Rachel from Lab Forum she lives in Maine wants to adopt him but needs foster until transport can be arranged.
Can you email her and tell her.
[email protected]

Thank you! She is calling shelter today.
I see your 4 1/2 hrs. away. I am hoping we can find someone to drive and meet you.


----------



## gil1075 (Jan 13, 2009)

Karen, I'm emailing Rachel now.


----------



## Karen519 (Aug 21, 2006)

*Gil*

Gil: Thanks. Let us know what she says.
Also check the original thread on Corbin here to see more posts and to add updates.


----------



## Blaireli (Jun 3, 2008)

Hey, Gil, I'm in between you and Rachel in Maine. If need be, this sweet boy can hang out at my house until everything is arranged?


----------



## KRayl (Aug 22, 2008)

We're in Northern Vermont - if he'll be passing thru we're more than happy to help with transport!


----------



## GoldenJoyx'stwo (Feb 25, 2007)

I believe Corbin has a number of adoption applications already in on him.

Thank you and I thank my friend and her friends for checking on him. I think they would have pulled him in a flash.


----------



## bwoz (Jul 12, 2007)

Yaay, he's one lucky boy. Please keep us updated whatever the results are.


----------



## GrafixMuse (Dec 28, 2008)

Corbin has been adopted!! I'm happy for him. I hope he goes to a great family.

Thank you all so much for offering to help me figure out a way to get him to Maine.

Rachel


----------



## bwoz (Jul 12, 2007)

Yaay, so glad for Corbin. And I posted this in the other thread too, there are alot more puppers out there if you guys are ready


----------



## gil1075 (Jan 13, 2009)

I missed out on everything, due to that nasty thing called word. I see that Corbin has been adopted good for him.
If anyone needs me to do anything I will be very happy to help whether it me transport, or foster.
Thanks to all......


----------



## gil1075 (Jan 13, 2009)

OOOOOPPPPPSSSS put word instead of WORK sorry


----------



## GrafixMuse (Dec 28, 2008)

Yes, work was the culprit for me too.

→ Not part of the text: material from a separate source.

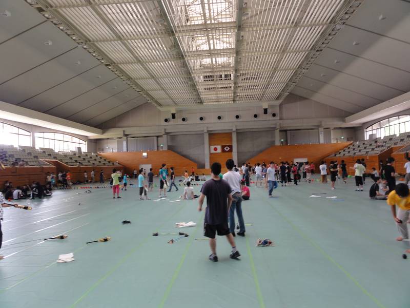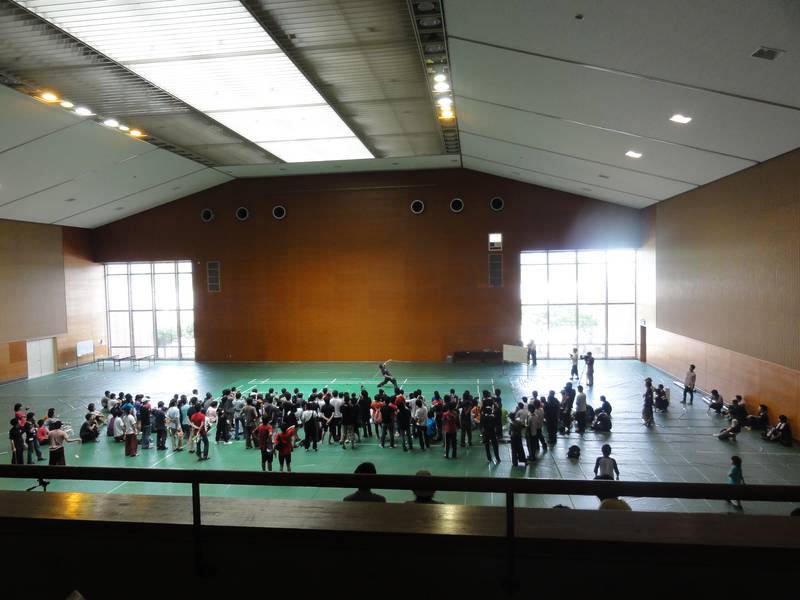体育館では今年のチャンピオンの周りに人の輪ができて、優勝の技を堪能。

I wanted to call when the shelter opened at 11 but got pulled into a meeting. I couldn't call until lunch time and by then Corbin was adopted.

Valerie at the shelter told me that he had a lot of people interested in adopting him.

Thank you so much for offering to help.

--
Rachel


----------



## Karen519 (Aug 21, 2006)

*Everyone*

*Everyone:

Please look on Golden Ret. Cases here and check out
Winni, Male Golden Ret. and Voodoo, probably a Newfie!!

Both are just gorgeous and oh so sweet!!!!*


----------



## gil1075 (Jan 13, 2009)

Has anyone gone to the Ohio Golden Retriever Rescue Group, they have some real cuties. Make sure you look at Lucky a 9 month old.


----------